2015 saw some monumental changes for me mainly thanks to the arrival of our triplet girls in June to compliment our two and a half year old son.
What I wanted to share with you today was something I’ve never experienced in my training life that I now have a new found appreciation for in terms of what clients or other people might be going through when they come from a similar space as what I have.
Training while tired or stressed is something I thought I had come to terms with when I had my first boy. Sure I lacked that little extra zing or push at the end of a heavy set but hey I would still find myself in the training arena each day and happy to punish myself time and time again.
Fast forward two years, one new business, a business mentoring course, a written book and of course triplet girls and I found myself in a completely new head space! Sure the broken sleep hurts but again I was used to that with my boy, it hurts but you pick yourself up and get your ass moving.
What no one can ever prepare you for with multiples is the unrelenting pressure that comes with multiples especially triplets. Cleaning bottles, washing nappies, patting to sleep it doesn’t stop....ever! You get through the honeymoon period well enough (sleepy baby stage) but over time and the persistent nature of what it is you do just slowly weighs you down, and I like to use the words ‘weigh you down’ as it’s this exact feeling that I’ll talk about in a second. Anyway, couple all that with the new business and everything that goes with it and you have one completely different mind to work with.
I love everything there is about a training environment, from the sweat and bad body odder right through to the pain that goes with hard yakka nothing gets me up quicker in the morning (except the ear piercing sound of three screaming babies). It’s the sole reason why I do what I do. I got my first formal training program when I was 14 years of age, was coaching by the age of 18 and haven’t looked back since.
What this past year’s experiences in particular the triplets has done to my training however is unparalleled in my world, while at the same time both frustrating and intriguing all at the same time.
Where I used to bounce off the walls in excitement at the thought of putting a weighted bar on my back and pumping out 5x5 squats I now feel nothing but exhaustion. My wife would say my mind is now normalising, and although I’ll never agree with her at the same time I do now have a greater appreciation for individuals who don’t naturally ‘get-off’ on training like us fitness professionals do. I can see now how throwing weights around as a concept can be more exhausting than liberating.

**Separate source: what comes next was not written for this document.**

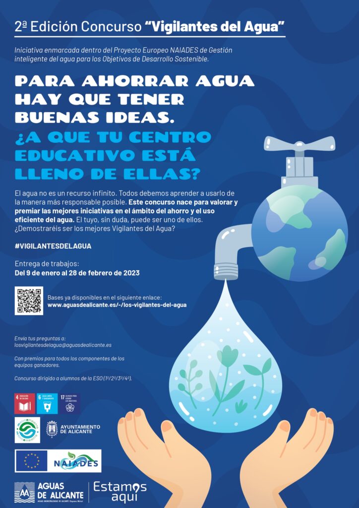 Aguas de Alicante ha lanzado recientemente la segunda convocatoria del concurso “Vigilantes del agua”, una iniciativa que tiene el objetivo de fomentar el uso eficiente del agua, potenciando la sensibilización medioambiental en el entorno escolar a través de la adopción de nuevos hábitos cotidianos, así como el conocimiento de la forma en la que consumimos el agua. “Vigilantes del agua” se enmarca en el Proyecto Europeo H2020 NAIADES del que forma parte la empresa, cuenta con la colaboración de la Concejalía de Medio Ambiente del Ayuntamiento y se suma al compromiso de Aguas de Alicante con la educación ambiental y el uso eficiente de los recursos hídricos, fundamental en un contexto marcado por una creciente escasez global de agua.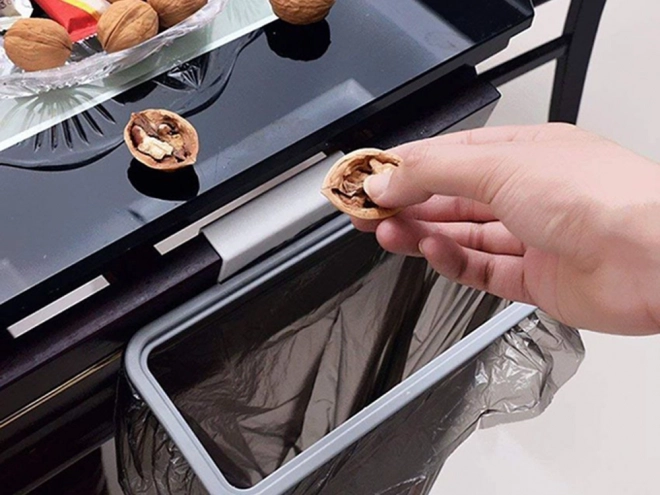 Uzturiet kārtību bez piepūles. Piekaramo turētāju atliek uzlikt uz skapīša durvju vai atvilktnes malas (līdz 20 mm platumam), un jūs uzreiz varēsiet ērti izmest pārpalikumus un iepakojumus. Hermētisks vāks novērš smaku izplatīšanos un palīdz uzturēt virtuvi higiēnisku.

The difference here is that instead of doing nothing we as ‘fitness freaks’ will find different outlets to get our fix. So of course this means I haven’t stopped training, that thought will never enter my mind as long as I’m breathing, I however rarely pick up a heavy dumbbell these days and although I’m sure that will change in time, for now I have just found different outlets. I find myself doing far more calisthenics (which at 105kg is plenty of weight) while at the same time sprinting which I’ve always enjoyed from my track and field days, has brought a whole new dimension to it. Like most people who do any form of running they will tell you they feel ‘free’ (albeit for a short while) while running, this is most definitely the case for me and I have a new found love for it again.
There’s no doubting how much children enrich your life, however at the same time they certainly do teach you to appreciate the little things you took for granted before they were here. Time to train is certainly one thing but having the energy to train like a beast is another thing again.